Le rapport Briand présenté aux députés le 4 mars 1905 ouvre un débat de plus de trois mois et de haute tenue. Le vote de l’article 4 amendé par Jaurès est décisif: la loi n’a pas à définir les statuts des associations cultuelles qui «doivent se conformer aux règles d’organisation générales du culte dont elles se proposent d’assurer l’exercice». L’État respectera l’organisation propre des Églises. Cet article adopté par 482 voix contre 52, Jaurès pouvait s’écrier: «La séparation est faitelaiciteseparation.gif

La loi établit une «double émancipation», explique Briand le 26 juin 1905: d’un côté, l’État cesse d’intervenir dans les affaires religieuses sinon pour faire respecter la liberté de conscience et de culte; de l’autre, les religions bénéficient d’une liberté inédite mais ne peuvent prétendre imposer leurs normes à l’ensemble de la vie publique et privée.

 

Jean-Baptiste Bienvenu-Martin, ministre de
l’Éducation nationale, sépare le clergé et
"la fille aînée de l’Eglise".
(Dessin de Léandre paru dans Le Rire,
20/05/1905).

 

 

La loi est finalement adoptée le 3 juillet 1905 par 341 députés contre 233. Cette majorité est moins large que prévu car les surenchères de certains anticléricaux ont dissuadé une partie des modérés. Néanmoins, 181 sénateurs contre 102 la votent sans modifications et le président de la République la ratifie aussitôt le 9 décembre.
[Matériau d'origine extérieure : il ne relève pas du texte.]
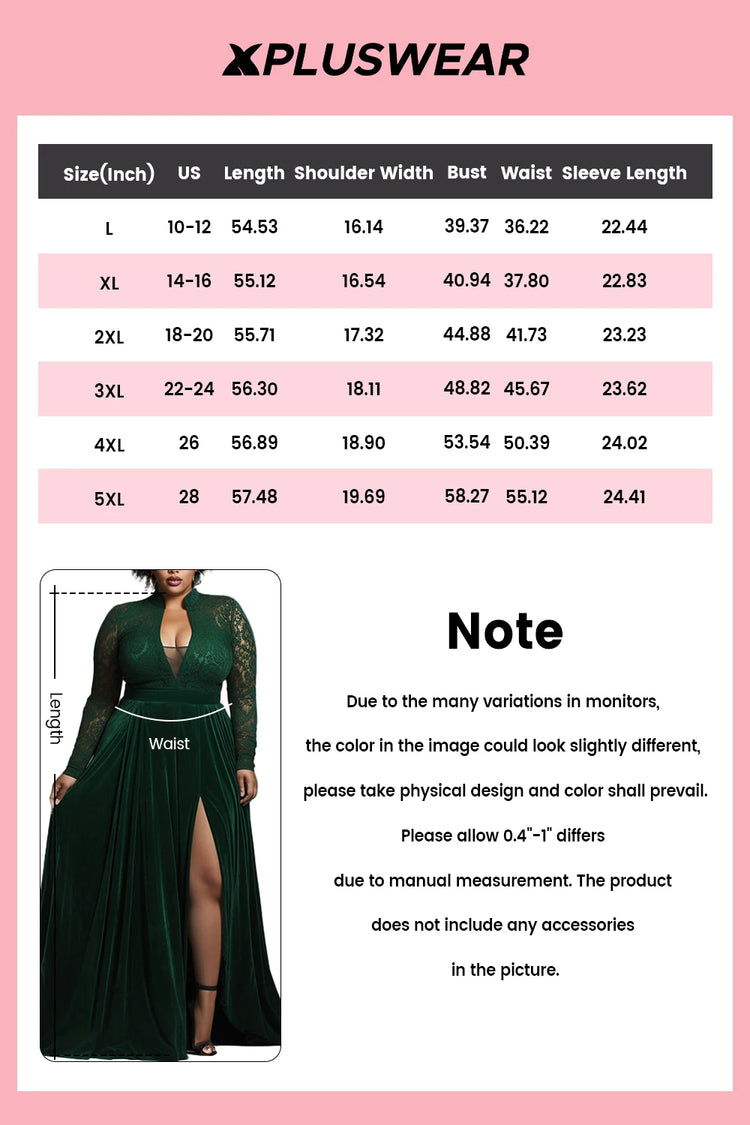 Emerald Green V Neck Long Sleeve Split See Through Lace Velvet Maxi Dress
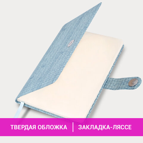 Внутренний блок включает 64 листа тонированной бумаги плотностью 70 г/м2. Благодаря стандартному формату А5 (145х215 мм) еженедельник удобно использовать как в офисе, так и на выездных деловых встречах. Твердая обложка, стилизованная под кожу с текстурной выработкой, фиксируется магнитной застежкой, поэтому еженедельник не откроется в сумке или портфеле и страницы не помнутся. Подходит для горячего тиснения. Еженедельник выполнен в голубом цвете.
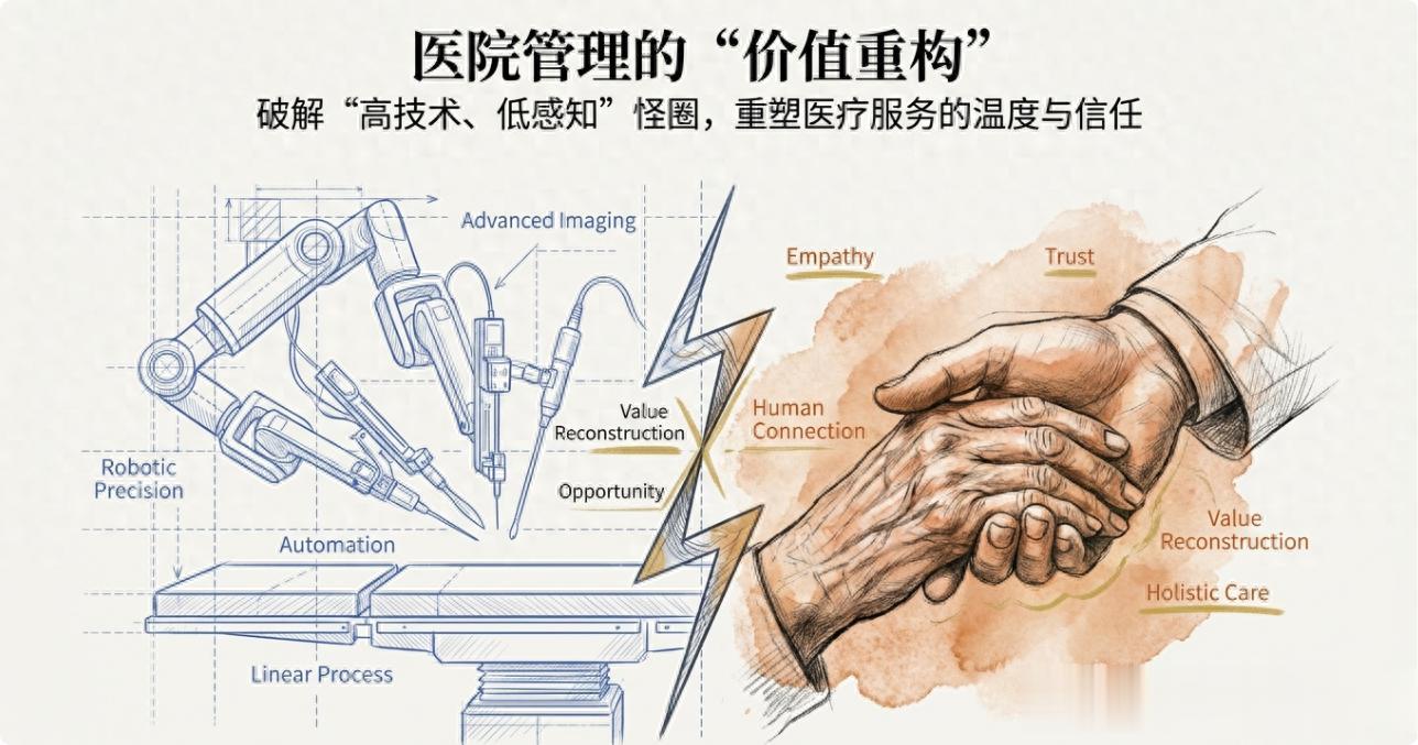 一、 院长们的困惑:技术在飞跃,温度在“降维”做医院管理久了,院长们常会感到一种深深的无力感: 明明我们的微创手术已经做到极致,明明我们的设备已经是国际一流,但患者满意度并没有同步线性增长。相反,投诉信箱里塞满了对医护人员态度的抱怨。
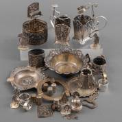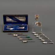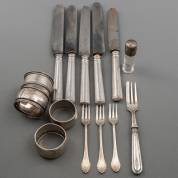 Divers klein zilverwerk: vijf stalen messen met zilveren heften, vier servetringen, kristallen flacon met zilveren dop, drie taartvorkjes, en enkele vork, brutogewicht: 709 gram
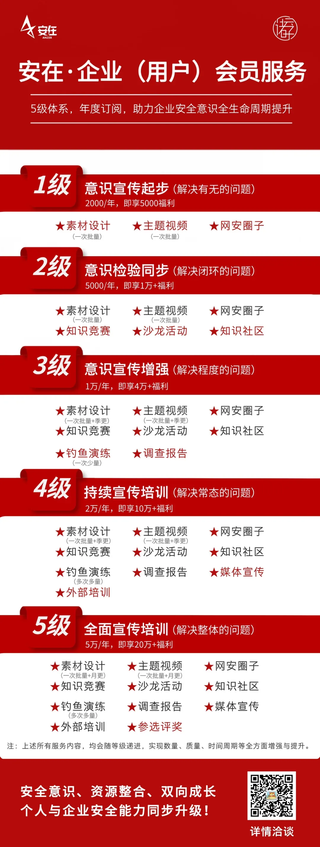 深度贴合企业不同规模、安全水平投入以及员工安全意识的不同发展阶段,特设5级安全意识培训服务体系,为企业用户量身匹配适配的安全意识解决方案。
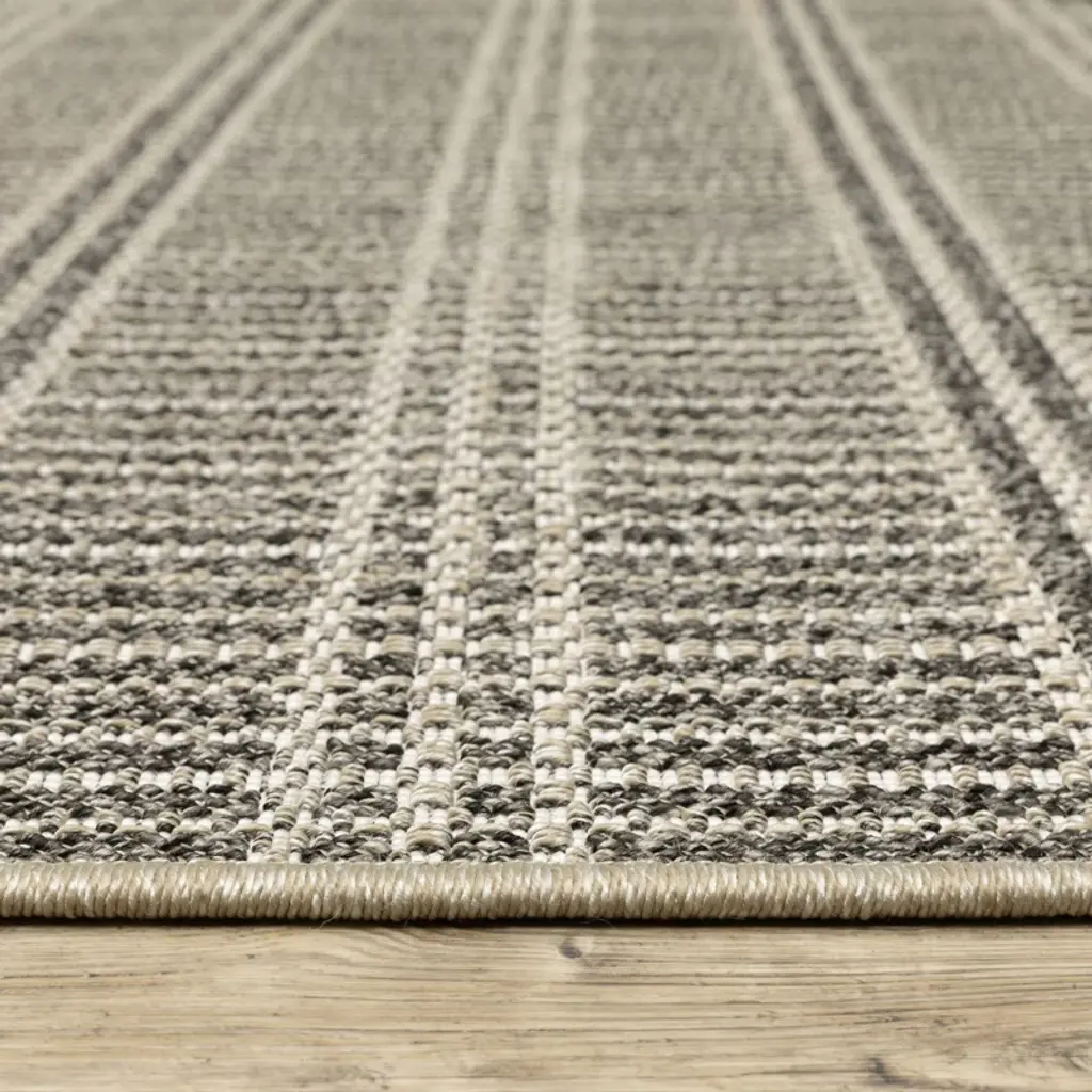 Introducing the Grimaldi collection, where subtle patterns and textures converge to create a globally inspired ambiance. The tonal shades of gray, ivory, and black are power-loomed with polypropylene for resilience and style. The flatwoven design, complete with fringe, adds a layer of sophistication to any space, making it a top performer for busy areas and family living.
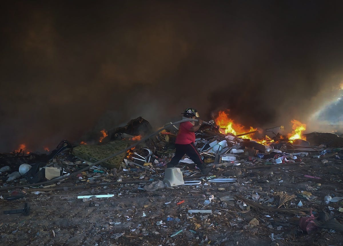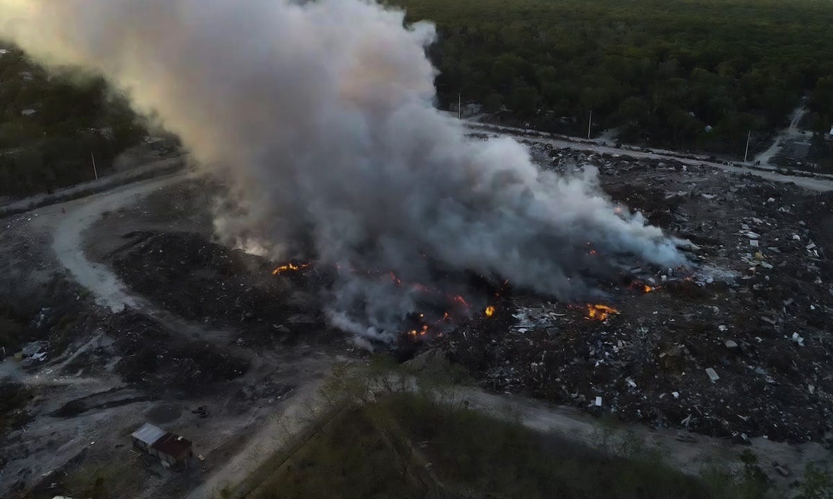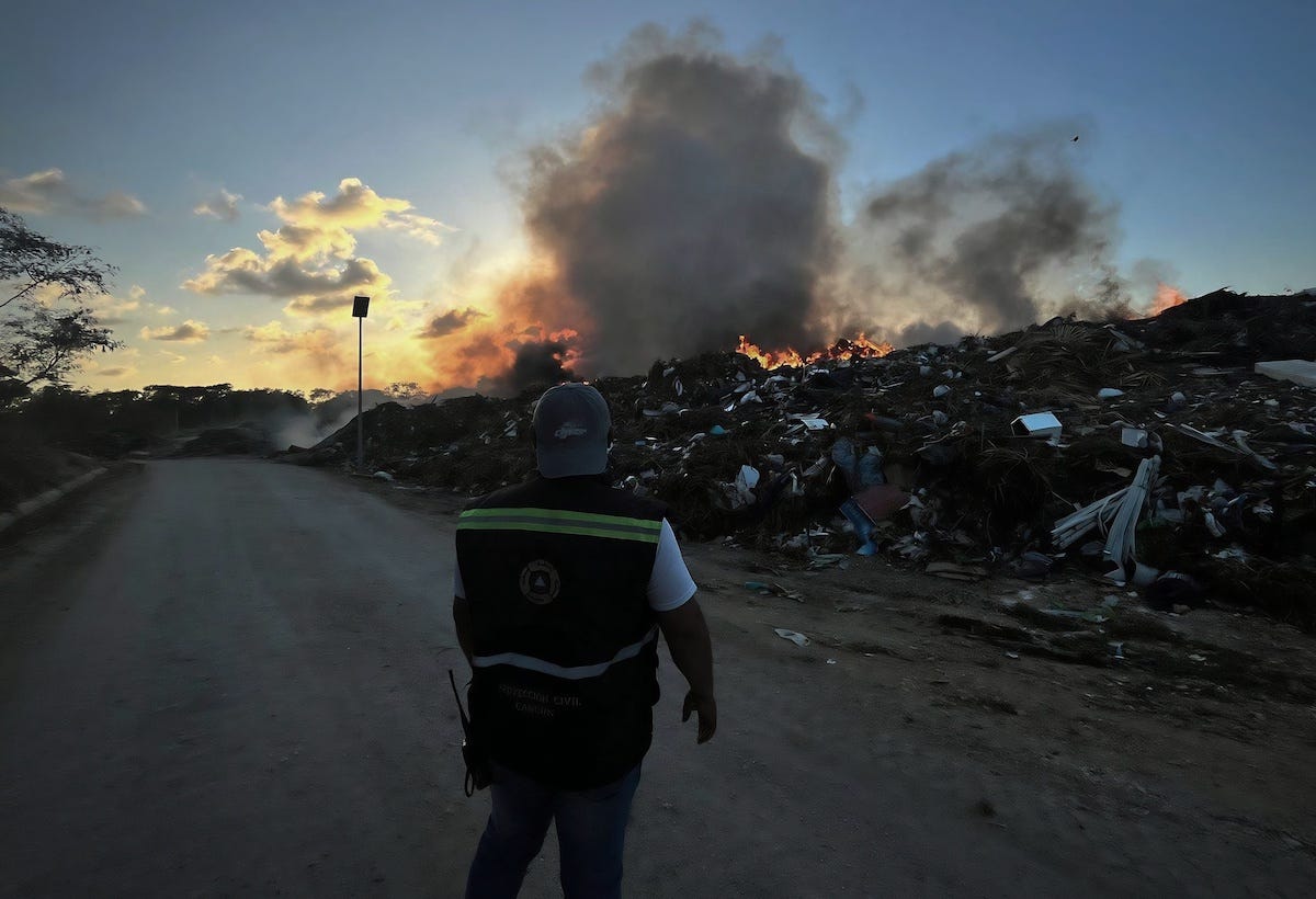 Cancún.— Esta tarde se reportó un incendio en el antiguo basurero de la región 241 en el municipio de Benito Juárez, afectando aproximadamente una hectárea debido a la acumulación de desechos.
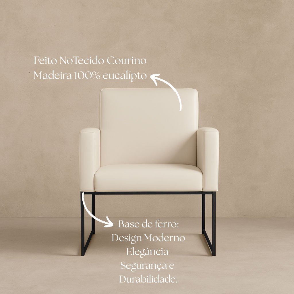 Poltronas Courino Salão/Recepção com 4 cores disponíveis - Base Ferro Preto
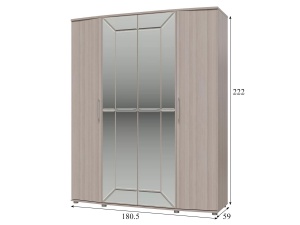 Шкаф с распашными дверями, с двух сторон отделение с тремя антресольными полками и горизонтальными штангами под ними. В центре шкаф украшают зеркала из 12-ти сегментов, внутри расположены антресольная полка, горизонтальная штанга и нижняя полка.
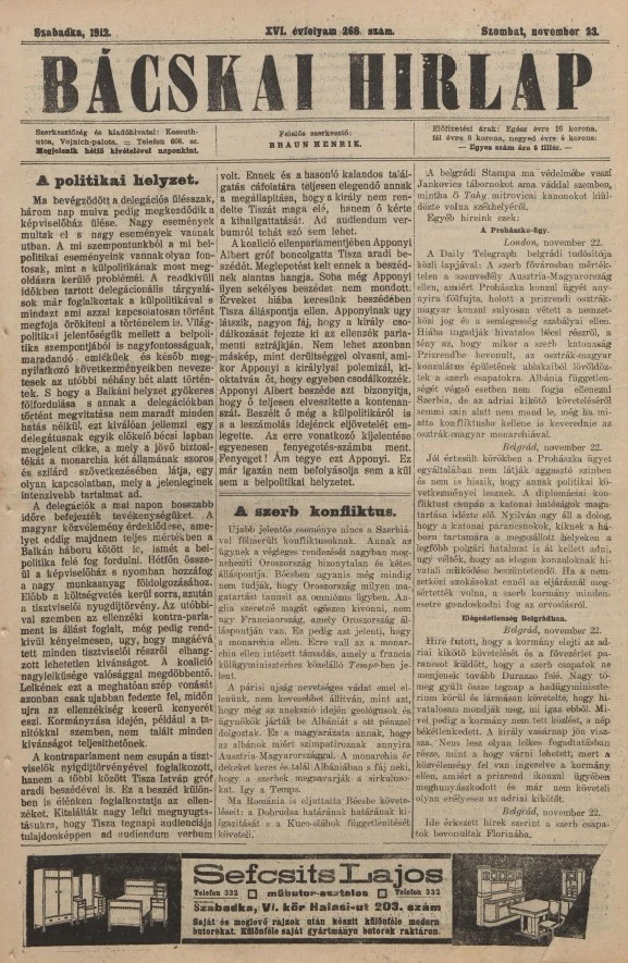 Bácskai Hirlap, 16. évf. 1912. november 23. 268. sz.
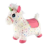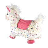 Adorable cheval sauteur en peluche en forme de licorne, qui ravira les tout-petits dès 12 mois. Grâce à sa forme ergonomique, à la hauteur d’assise de 23 cm et à sa housse douce amovible, les bonds sont sûrs et confortables. En appuyant sur le bouton, la licorne émet des sons amusants. Une pompe et des piles sont incluses pour un plaisir immédiat.
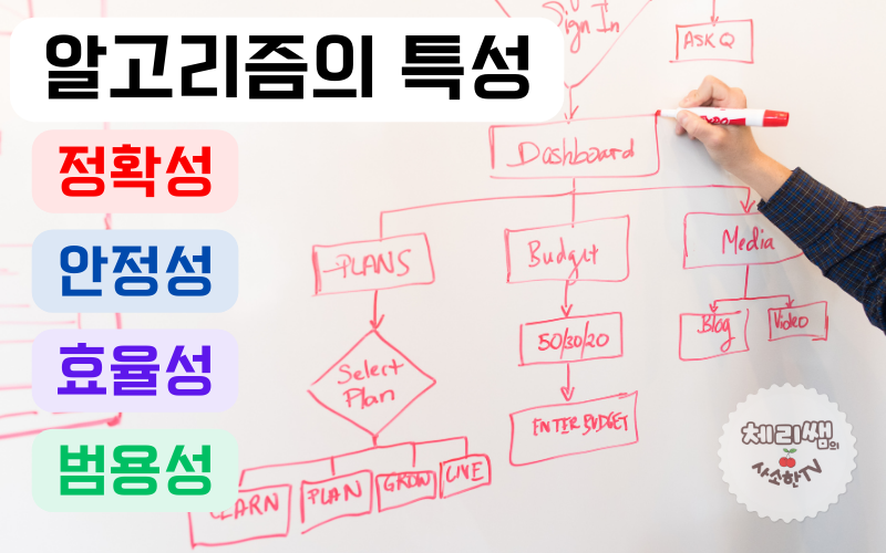 알고리즘은 컴퓨터가 문제를 해결하기 위해 따라야 하는 절차나 방법을 순서에 따라 기호를 사용하여 나타낸 것으로 다음과 같은 특성을 가지고 있습니다.
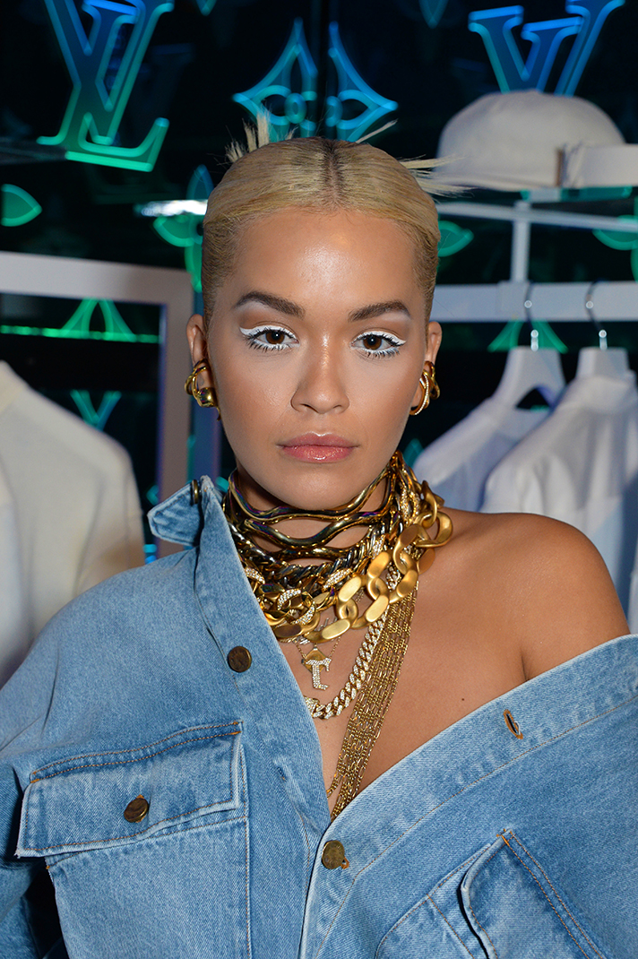 To further cement her status as a risk-taking style star, Ora lined her eyes with stark white liquid liner and pulled her hair back into a piece-y, frayed chignon.
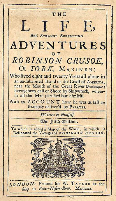 “The Life and Strange Surprising Adventures of Robinson Crusoe of York, Mariner: who lived Eight and Twenty Years, all alone in an un-inhabited Island on the coast of America, near the Mouth of the Great River of Oroonoque; Having been cast on Shore by Shipwreck, wherein all the Men perished but himself. With An Account how he was at last as strangely deliver’d by Pirates. Written by Himself.”
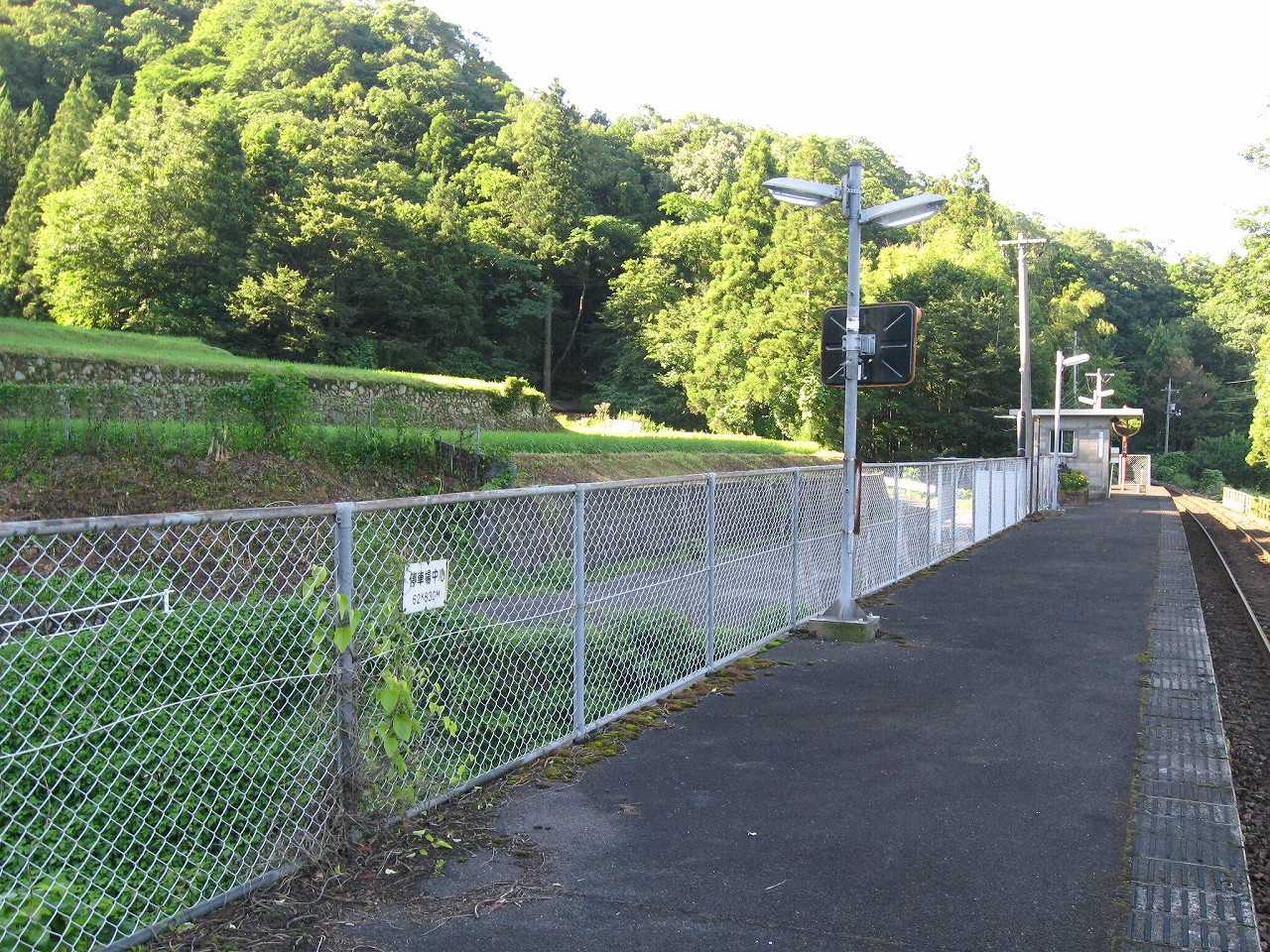 にしても、この駅どっから出るんだろう? ホームから降りる階段はあるが、それからどうやって道路に出るのか… 山ぎりぎりの棚田に細道がうねっているが、まさかあそこを? ほんと不安だらけの駅である。

Elle est le fruit de l’union de tous les laïques par-delà leurs différences de sensibilités anticléricales.

Les protestants et les israélites se conforment aussitôt à la loi. Le Vatican, en dépit du vœu de la majorité des évêques français, leur interdit de l’appliquer par crainte de la «contagion laïque» de «l’exemple de la France». Mais l’Église finira par s’y soumettre en 1924. La séparation des Églises et de l’État parachève donc la laïcité de la République reconnue par la Constitution depuis 1946. Pour la Cour européenne de justice, la loi de 1905 est la «clé de voûte» de la «laïcité à la française».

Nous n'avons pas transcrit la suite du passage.